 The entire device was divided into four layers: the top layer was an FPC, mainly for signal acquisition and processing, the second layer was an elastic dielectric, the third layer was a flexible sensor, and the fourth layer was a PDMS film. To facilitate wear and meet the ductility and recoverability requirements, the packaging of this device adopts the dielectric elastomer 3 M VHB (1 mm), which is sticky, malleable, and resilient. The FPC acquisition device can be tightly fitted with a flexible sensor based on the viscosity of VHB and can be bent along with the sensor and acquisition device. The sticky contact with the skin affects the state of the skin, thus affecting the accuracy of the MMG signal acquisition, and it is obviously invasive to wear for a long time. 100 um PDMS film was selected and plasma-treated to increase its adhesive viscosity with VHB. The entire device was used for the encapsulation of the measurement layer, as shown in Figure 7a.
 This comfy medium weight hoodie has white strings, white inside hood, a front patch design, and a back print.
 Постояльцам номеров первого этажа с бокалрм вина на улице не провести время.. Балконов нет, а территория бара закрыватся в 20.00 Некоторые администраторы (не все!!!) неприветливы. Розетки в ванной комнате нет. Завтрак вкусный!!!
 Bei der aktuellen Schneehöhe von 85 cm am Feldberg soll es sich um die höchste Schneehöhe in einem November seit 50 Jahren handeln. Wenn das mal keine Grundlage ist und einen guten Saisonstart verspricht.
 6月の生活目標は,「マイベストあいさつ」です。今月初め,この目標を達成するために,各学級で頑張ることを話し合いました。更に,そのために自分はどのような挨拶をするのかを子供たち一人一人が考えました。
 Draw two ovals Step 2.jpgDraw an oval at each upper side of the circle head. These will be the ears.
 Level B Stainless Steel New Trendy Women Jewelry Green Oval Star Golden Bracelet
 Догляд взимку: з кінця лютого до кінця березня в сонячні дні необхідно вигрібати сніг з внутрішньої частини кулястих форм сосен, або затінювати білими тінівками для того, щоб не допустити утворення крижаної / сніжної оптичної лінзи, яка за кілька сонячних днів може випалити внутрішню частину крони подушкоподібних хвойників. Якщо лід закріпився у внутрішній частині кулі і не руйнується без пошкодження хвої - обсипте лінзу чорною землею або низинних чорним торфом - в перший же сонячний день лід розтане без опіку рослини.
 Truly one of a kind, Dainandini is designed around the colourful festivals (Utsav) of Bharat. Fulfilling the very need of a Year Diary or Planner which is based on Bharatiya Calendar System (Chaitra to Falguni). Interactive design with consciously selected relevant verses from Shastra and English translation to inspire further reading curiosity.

--------------------

■ **Task to complete**: Once the line with "Draw two ovals" is found in the records above, print exactly that line and every line after it through the line with "Level B Stainless".

■ **Result for this task**:
 Draw two ovals Step 2.jpgDraw an oval at each upper side of the circle head. These will be the ears.
 Level B Stainless Steel New Trendy Women Jewelry Green Oval Star Golden Bracelet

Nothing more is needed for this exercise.